Note
You must be registered as a manager for the project.
Select New Project in the Global Navigation bar.
Enter a name for the project. Choose a name that will be meaningful to you and your annotation team.
Select a Template type from the drop down menu. The templates are predefined and customized for each type of project.
Add annotators (and adjudicators) to the project. Click on Add/remove annotators to select from the users in the system. Users must be added to the system before you can add them to a project.
Configure the project. Each template type has its own set of configuration options.
Create.
Your new project will appear in the Project List.
Each template type has its own set of configuration options. In many cases the defaults will be acceptable. Here we list the options most likely to require adjustment.
All Templates:
Model Language: The language of the samples.
Hide Eval Predictions: By default, the Active Learning server offers suggested annotations for each sample. Suppress these on the samples in the evaluation set to avoid biasing the human annotators. Setting this option tells the Studio to only display suggestions for samples in the training set, and not for those in the evaluation set.
Prioritize Partially Annotated Docs: Prioritizes the samples presented for annotation such that full documents are completely annotated.
Show Token Boundaries: This option only affects the presentation of the text samples. When turned on, each unannotated span is underlined to make it easier to see the token spans.
Mouse Full Token Selection: When you click on or select part of the text, the entire token is selected.
NER-Rosette:
-
Use Basis Training Data: When training the model, include the training data used to train the statistical model shipped with Rosette Entity Extractor. When this option is selected, new labels cannot be added to the project.
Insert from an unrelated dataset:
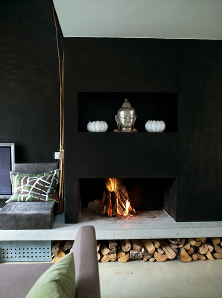 There are so many dramatic touches of this house. I love the tiles, the wood floors, the big fireplace lower mantel. So pretty.
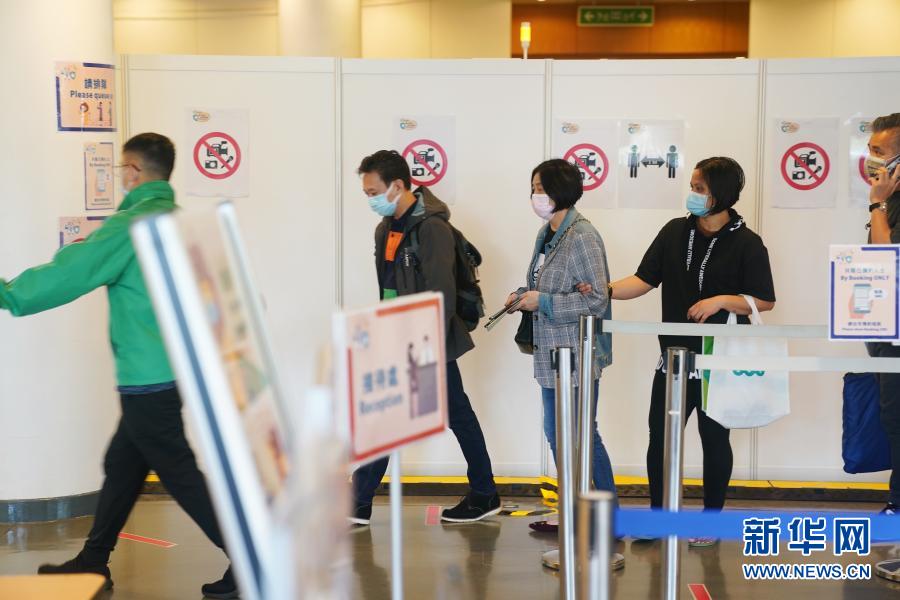 2月26日,在位于香港中央圖書館的社區(qū)疫苗接種中心內(nèi),市民排隊(duì)準(zhǔn)備接種疫苗。新華社記者 王申 攝

If you are creating a project to train a model to extract new entity types (defining new labels), do not select this option.
Note
The time to train the model when Use Basis Training Data is selected may be a few minutes longer than without the extra training data, The time is determined by the number of annotated documents as well as the language.
Train Case Sensitive Model: Determines whether the trained model will be case-sensitive or case-insensitive. The default is case-sensitive (checked).
Most project configuration options can be changed after the project is created. Click on the project menu in the upper right corner of the project and select Configure. Some options, such as model language and use Basis training data, cannot be changed once the project has been created.
Note
You must be registered as a manager for the project.
Annotation is a process of assigning labels to parts of documents. The set of labels, as well as the words or parts of words assigned to the label, depends on the type of annotation task.
For named entity recognition (NER), the labels are the entity types the model is being trained to extract. The predefined entity types are automatically determined by language.
To define a label provide the following information:
Code: This is a brief name for the label. By convention, it is usually uppercase and about three letters. This will be used internally and in places where the UI shows a label in a brief form.
Caption: A longer user-friendly name for this label, usually one or two words long. It should be descriptive, but reasonably short.
Color: The color used for annotations of this label. You can accept the default color or assign a color.
Include in Model Training: If the model being trained should use the annotations which use this label, this box must be selected.
You can add a label or edit existing labels after the project has been created.
-
To add a new label, select Add Label from the list of labels, fill in the form, and Add. If the annotations with the label should be used in training, check the box for Include in Model Training.
Note
If Use Basis Training Data was selected when the project was created, you cannot add new labels to the project. the Add Label option will not be displayed
To edit an existing label, click on the label in the list of labels. Change any of the fields and Save.
To delete a label, click on the label in the list of labels and select Delete. You can only delete a label if there are no annotations for it. Once the label has been assigned during annotations, it cannot be deleted from that project.
Warning
The Studio will not prompt you to re-annotate samples when a new label is added.
Note
You must be registered as a manager for the project.
Select Add Document in the action bar at the bottom of the project’s dashboard.
(Optional) Give the document a name. Some documents are named automatically; for example, each file in an ingested zip file will create a document named with the filename.
-
Add one or more documents.
(Optional) Assign annotators. By default, each added document will be given to all the annotators currently assigned to the project. If you add annotators to the project later, they will not be automatically be given documents that were added earlier.
-
Add the documents into the project and select whether the document(s) will be used for training or validation.
Add for training: documents used to train the model
Add for validation: gold data used to test the model's accuracy
Add (auto-split): automatically assign documents to the training and validation sets
Note
Documents that are identical will be merged. For pure-text documents it automatically deduplicates documents. For .adm documents, which may include prior annotations or metadata, the additional data is merged into a single document.